Consider investing in a tool to check and update your links. Broken Link Checker is a popular option. Fixing links is an easy way to modernize your website content throughout your SEO audit.
In many industries, the content you created in 2012 is no longer as relevant as other pages in the SERPs. The data might be outdated and even some of the best practices might not be used by most companies that you work with. However, for most marketers, the content is still valuable and ranks well.
Make a list of these “aging pages,” and put them on the roster for a content optimization upgrade. Most content teams follow a four-step process to bring old posts into modern relevance:
Site visitors are more likely to use and share your content once they know that the information is relevant, updated, and timely.
Over the years, you likely created various content pages and resources on your website for your audiences to use. This means there are likely hundreds of internal links you can choose from during the content optimization process. If you never went back to old content and added internal links, now is the time. Select a few highly relevant links for each content piece to direct Google crawlers and users to better information.
This process is also a great way to boost cornerstone content, or the pages on your website you want to be pushed to the top of the SERPs. Identify your cornerstone content and make sure you link to it across your website.
Your website’s publishing practices and even its layout have likely changed over the past five years. It’s not uncommon to check website archives and find posts from 2010 without H-tags or internal linking, but with terrible images and incoherent ideas.
Review your style guide requirements and SEO best practices and make sure your past pages meet these rules. If you have several thousand pages waiting for review, then highlight a few dozen posts that still receive traffic or have high listings in the SERPs to work on first. This way, you can focus your resources on content that is likely to improve your overall SEO results, rather than waste your time on older, poor-performing pieces.
The content optimization process can be overwhelming for marketers who have thousands of pages to sort through. It can be frustrating and confusing to figure out where to start. However, most of your problems can be solved with Google Analytics and Google Search Console. These two tools can give you an idea of which pages drive the most traffic to your website and which pages rank best.
Review your content and look for pages that are already performing well without optimized content. With a little polishing, you can improve these pages and significantly increase their rankings and traffic. With analytics, you can see that the content is already in high demand; you just have to work on the technical aspects to get a rankings boost.
Along with highlighting good content that could be doing great, try to find good content that ranks poorly and isn’t getting the traffic it deserves. This might be a long-form piece that provided valuable research or an e-book into which you invested a significant part of your marketing budget. These high-quality pages need SEO intensive care.
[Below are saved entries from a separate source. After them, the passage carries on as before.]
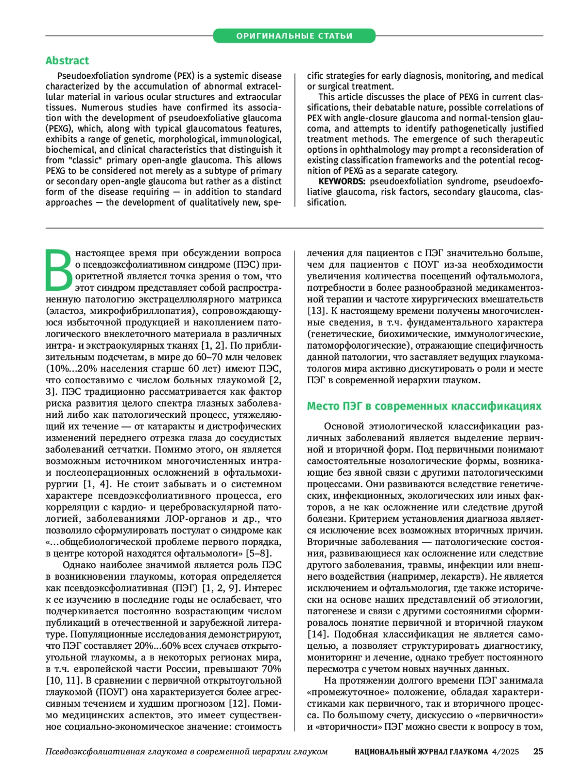 Псевдэксфолиативный синдром (ПЭС) — системное заболевание, характеризующееся накоплением аномального внеклеточного материала в различных структурах глаза и экстраокулярных тканях. Многочисленные исследования подтверждают его связь с развитием псевдэксфолиативной глаукомы (ПЭГ), которая наряду с типичными характеристиками глауком имеет целый ряд генетических, морфологических, иммунологических, биохимических, клинических особенностей, отличающих ее от «классической» первичной открытоугольной глаукомы. Это позволяет рассматривать ПЭГ не просто как разновидность первичной или вторичной открытоугольной глаукомы, а как особую форму заболевания, требующую, помимо стандартных технологий, разработки качественно новых, специфичных подходов к ранней диагностике, мониторингу, медикаментозной и хирургической коррекции.
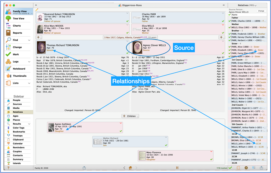 • Family View & Tree View: There are two main screens for navigation, the Family View and the Tree View. You can jump between them using the Navbar. Family View from Reunion 14 (ie the desktop/laptop version) is shown in the example above.
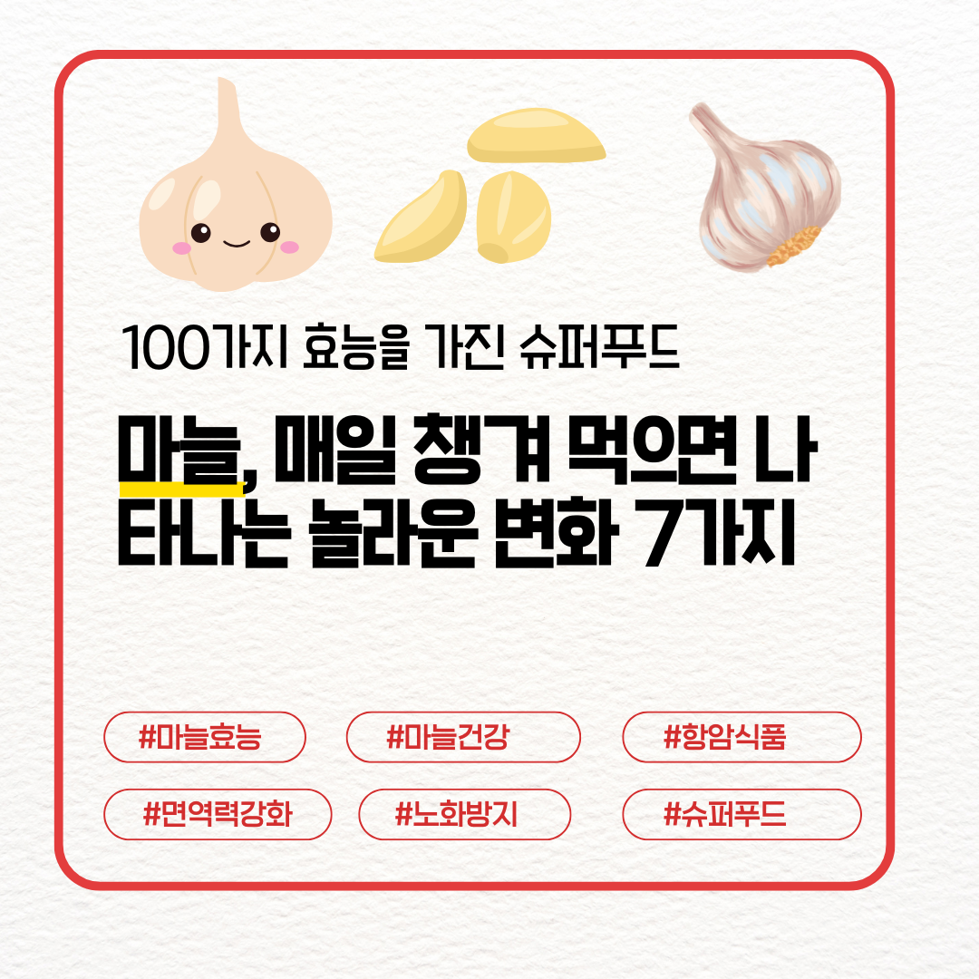 특히 피부의 탄력 저하나 주름 생성, 기력 저하 같은 노화 징후를 예방하는 데 효과적이며, 꾸준한 마늘 섭취는 피부 건강과 신체 전반의 젊음을 유지하는 데 도움을 준다.
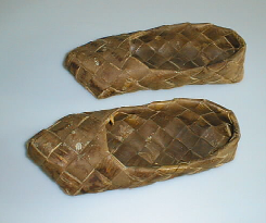 N 2,6 cm levyisestaä tuohiliuskasta punotut jalkineet. Kärki suippo ja hiukan ylöspäin kaartuva. Melko käyttämättömät, sillä pohja vain vähän kulunut.
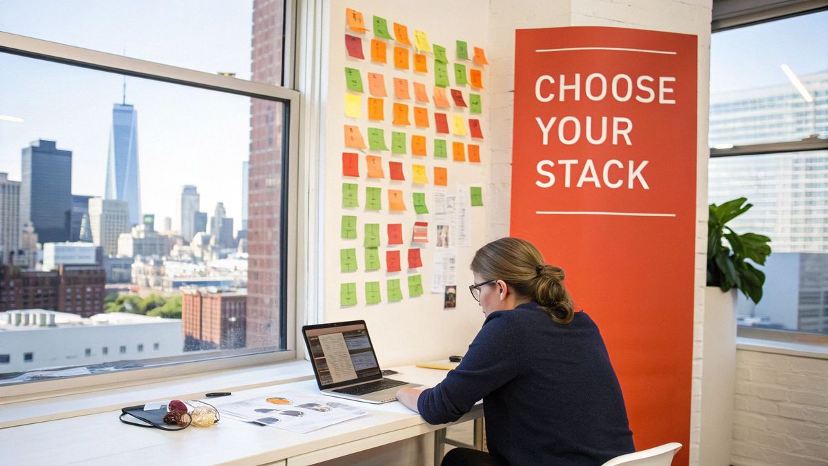 It dictates who you can hire, how fast you can ship, and how quickly you burn through your runway. Get it right, and you've built a solid foundation. Get it wrong, and you're looking at costly rewrites and wasted months you just don't have. The goal isn't to chase the newest, shiniest framework; it's to prioritize what actually drives your business forward.

After you update the content with relevant information, see if you can give it new life. Promote the pieces in your marketing channels to drive traffic to the pages. Make sure you link to the piece on other internal pages to direct crawlers to it. Try to make the content as shareable as possible.
No one wants to see their valuable content flounder and fail to gain social traction. Viewing older content with new eyes can help you see where you went wrong and how you can fix the situation.
Your content can make or break your marketing efforts. There’s no point in driving users to stale, outdated pages that are hard to read. Make sure you’re putting your best content foot forward with content optimization so your website’s visitors read, share, and convert.